Moreover, Rajini’s spirituality is eclectic. He holds to his faith devoutly — like Mahatma Gandhi — but his spirituality embraces all religious teachings. Between Rajini’s spirituality and the BJP’s Hindutva yawns a Rift Valley that all of Modi’s blandishments cannot narrow.

Where Modi cannot find a single Muslim candidate to field in an election anywhere in the land, Rajini has lakhs upon lakhs, indeed crores of Muslim fans and Christian fans. They could not, would not, turn into his political supporters if Rajini were to become a supporting actor in a Hindutva screenplay.

The chances are remote of Rajini teaming up with the BJP. He may be a “good friend” of Modi’s, as Modi claims, but Thalaivar is also a good friend of all of India. That is why his entry into politics has been universally welcomed, by everyone. The DMK’s MK Stalin has commented, “I congratulate Rajinikanth,” but he has also added in the next sentence, “however, his entry will not have any kind of impact, positive or negative, on our fortunes.”

In other words, it is early days yet. If there is a precedent, it would be Arvind Kejriwal. He took Delhi by storm, winning 67 out of 70 seats on his platform of “India Against Corruption.” That is also Rajinikanth’s platform.

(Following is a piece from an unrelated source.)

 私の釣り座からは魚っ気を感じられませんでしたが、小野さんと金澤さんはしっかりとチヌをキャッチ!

Yet, the real father of the anti-corruption movement in Delhi (it did not take off anywhere else) was Anna Hazare, who distanced himself from Kejriwal when Kejriwal stepped into party politics.

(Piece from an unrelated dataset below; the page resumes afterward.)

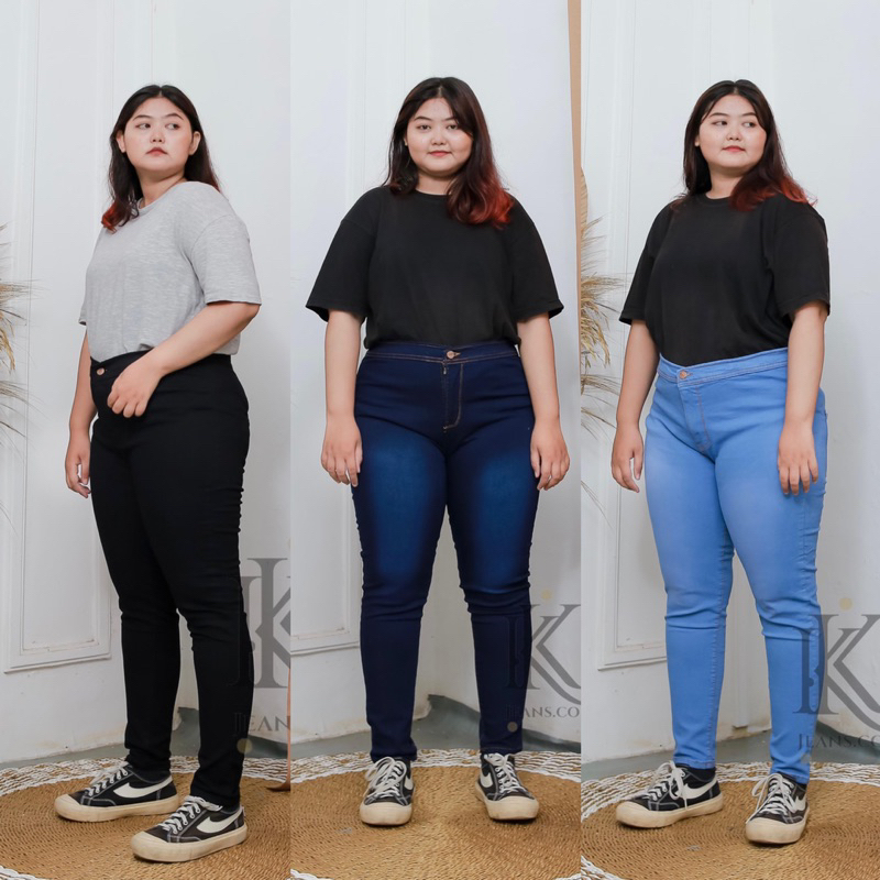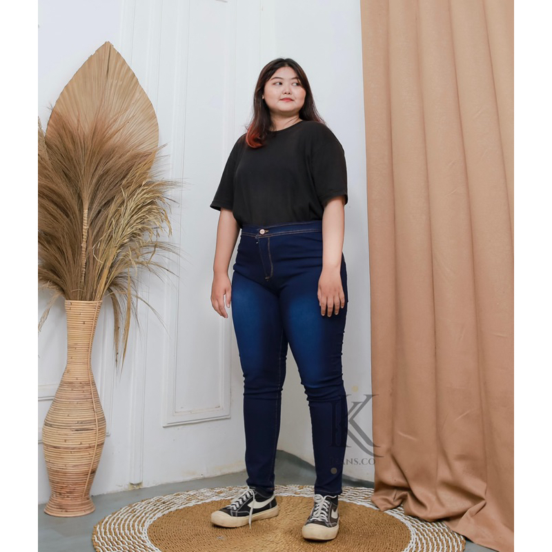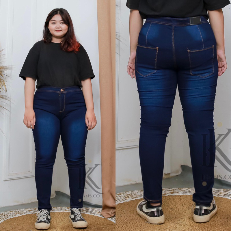 Highwais Jeans Jumbo Wanita Polos Soft Jeans Premium Big Size 27-42

Rajini, however, is Hazare and Kejriwal rolled into one. Will that give him the clout to turn the tables on the Dravidian parties as Kejriwal briefly succeeded in doing in Delhi with the BJP and the Congress?

That depends on how revolted voters in Tamil Nadu are by the pervasive corruption around them. Hardly at all would appear to be the answer going by TTV Dhinakran’s massive win in Jayalalithaa’s former constituency, despite having just emerged from detention to plunge into the electoral fray, and with his close relative, Sasikala, still doing time in Bengaluru jail. The “Mannargudi Mafia” are still very much in evidence. Prison sentences can’t put them down — at least in the eyes of their adoring followers.

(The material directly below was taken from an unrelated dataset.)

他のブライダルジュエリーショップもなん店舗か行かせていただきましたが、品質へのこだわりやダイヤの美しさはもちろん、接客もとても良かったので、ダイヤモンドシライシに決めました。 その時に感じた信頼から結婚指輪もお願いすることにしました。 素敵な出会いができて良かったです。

True, Rajinikanth made a triumphal political debut when he took on Jayalalithaa, when, in 1996, he became the moral voice in denouncing JJ’s venality. But that was the same Jayalalithaa who bounced back within a year to re-claim the crown.

Rajini retreated into political sanyas while JJ continued her merry ways. She died in hospital rather than in jail only because the Supreme Court so long withheld their verdict that she passed on before the court spoke and thus went beyond the pale of the law. Dhinakaran and Sasikala are her true heirs in every sense of the term.

If the Anna movement caught fire nowhere but in Delhi-NCR, one can only conclude sadly that the Indian voter loves a financial scandal on the TV screen but has other priorities when it comes to pressing the EVM button.

All bets are, therefore, off on Thalaivar’s political prospects till he actually launches a party, gives it a name, procures a symbol, and endows it with a manifesto.

The French have a saying, plus ca change, plus c’est la meme chose — the more things change, the more they remain the same. N’est-ce pas? Is that not so?

Mani Shankar Aiyar is former Congress MP, Lok Sabha and Rajya Sabha. This article previously appeared on ndtv.com. Reprinted by special arrangement.